Segment Start: Dataset excerpts

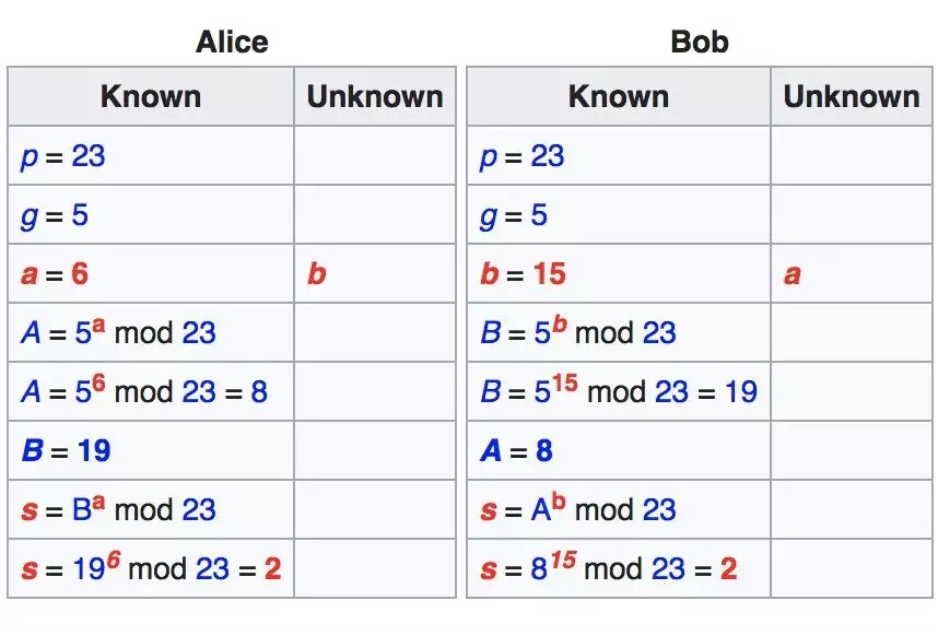 这样双方就知道密钥为 g^(xy) mod n=(g^y mod n)^x mod n=(g^x mod n)^y mod n。
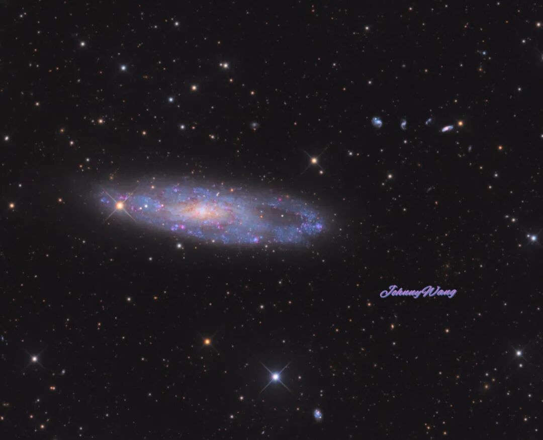 雕刻家星系离我们约1100万光年,不过更神奇的是在它旁边的四星系串,称为伯比奇链,它们离我们约3亿光年远。就像一个大星系妈妈,带着4个孩子,在宇宙中游弋。
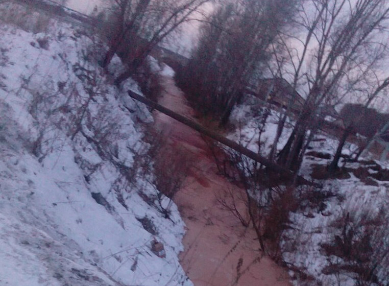 Река Молчанка в Тюменской области окрасилась в ярко красный цвет. Фотографии появились в интернете 29 января.
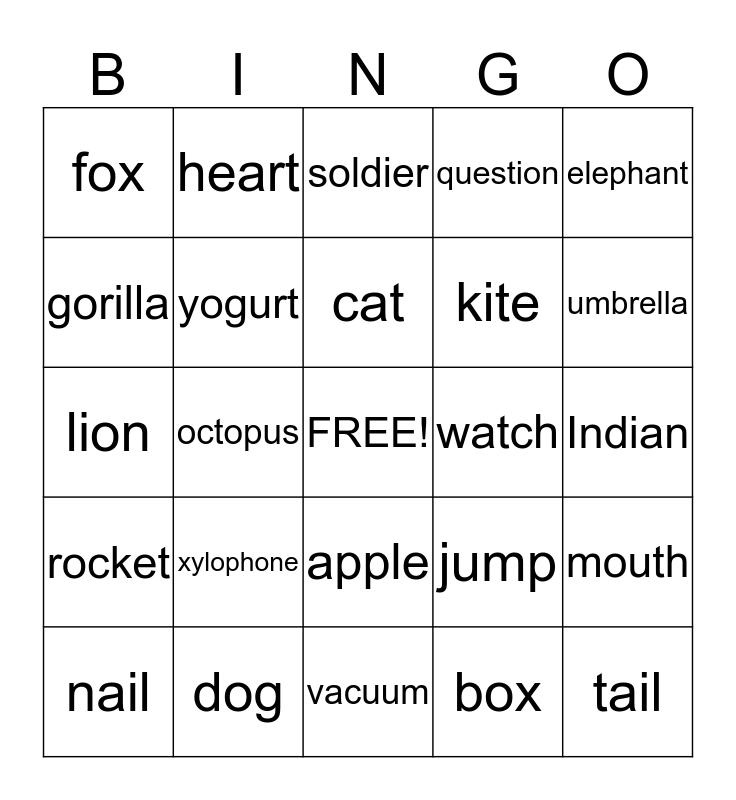 This bingo card has a free space and 26 words: apple, box, cat, dog, elephant, fox, gorilla, heart, Indian, jump, kite, lion, mouth, nail, octopus, piano, question, rocket, soldier, tail, umbrella, vacuum, watch, xylophone, yogurt and zebra.
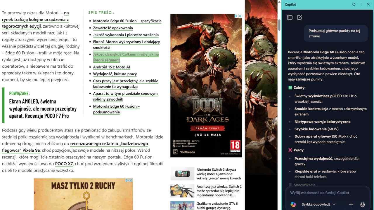 Z lokalnych rozwiązań AI korzysta także przeglądarka Microsoft Edge – oferuje ona nie tylko tłumaczenie zagranicznych stron za pośrednictwem Copilota, ale także podsumowanie artykułów, które aktualnie czytamy. Robi to całkiem sprawnie oraz wskazuje najważniejsze zagadnienia, co jest przydatne, gdy akurat potrzebujemy szybko coś zweryfikować, a nie zagłębiać się w lekturze.
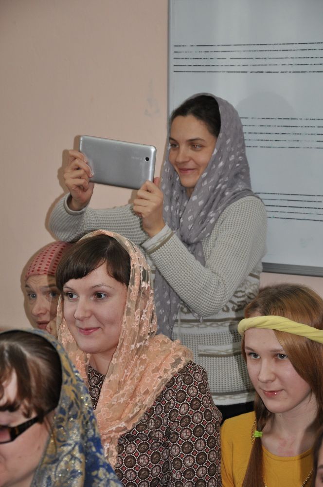 На показе присутствовал заведующий Регентской школы иерей Максим Спиненко, завуч Т.М. Лаевская, преподаватели и воспитанницы школы .
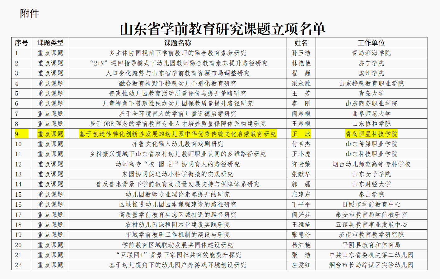 近日,山东省学前教育中心对各市教育(教体)局、高等学校推荐的478项课题进行了评审,确定23项重点课题、177项一般课题。9月21日,2022年度山东省学前教育研究课题立项名单公布。我校教育学院王冰院长主持的《基于创造性转化创新性发展的幼儿园中华优秀文化启蒙教育研究》获准立项重点课题。
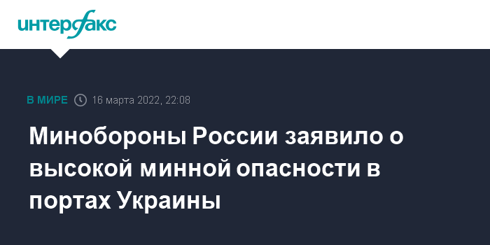 Москва. 16 марта. INTERFAX.RU - Российские военные сообщили, что экипажи 70 иностранных судов заблокированы в морских портах Украины из-за высокой минной опасности.
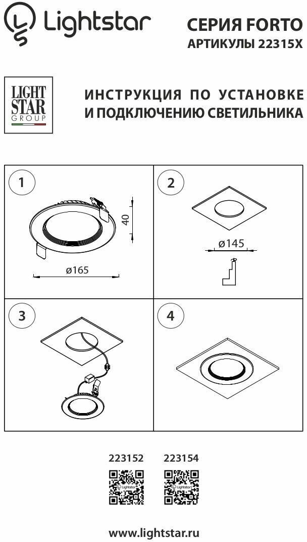 Встраиваемый светильник Lightstar Forte Armadio 223154 интересное:

Segment End: Dataset excerpts

» **Task details**: If a record above contains a picture, leave the picture out and transcribe everything else exactly.

» **Reply**:
 这样双方就知道密钥为 g^(xy) mod n=(g^y mod n)^x mod n=(g^x mod n)^y mod n。
 雕刻家星系离我们约1100万光年,不过更神奇的是在它旁边的四星系串,称为伯比奇链,它们离我们约3亿光年远。就像一个大星系妈妈,带着4个孩子,在宇宙中游弋。
 Река Молчанка в Тюменской области окрасилась в ярко красный цвет. Фотографии появились в интернете 29 января.
 This bingo card has a free space and 26 words: apple, box, cat, dog, elephant, fox, gorilla, heart, Indian, jump, kite, lion, mouth, nail, octopus, piano, question, rocket, soldier, tail, umbrella, vacuum, watch, xylophone, yogurt and zebra.
 Z lokalnych rozwiązań AI korzysta także przeglądarka Microsoft Edge – oferuje ona nie tylko tłumaczenie zagranicznych stron za pośrednictwem Copilota, ale także podsumowanie artykułów, które aktualnie czytamy. Robi to całkiem sprawnie oraz wskazuje najważniejsze zagadnienia, co jest przydatne, gdy akurat potrzebujemy szybko coś zweryfikować, a nie zagłębiać się w lekturze.
 На показе присутствовал заведующий Регентской школы иерей Максим Спиненко, завуч Т.М. Лаевская, преподаватели и воспитанницы школы .
 近日,山东省学前教育中心对各市教育(教体)局、高等学校推荐的478项课题进行了评审,确定23项重点课题、177项一般课题。9月21日,2022年度山东省学前教育研究课题立项名单公布。我校教育学院王冰院长主持的《基于创造性转化创新性发展的幼儿园中华优秀文化启蒙教育研究》获准立项重点课题。
 Москва. 16 марта. INTERFAX.RU - Российские военные сообщили, что экипажи 70 иностранных судов заблокированы в морских портах Украины из-за высокой минной опасности.
 Встраиваемый светильник Lightstar Forte Armadio 223154 интересное:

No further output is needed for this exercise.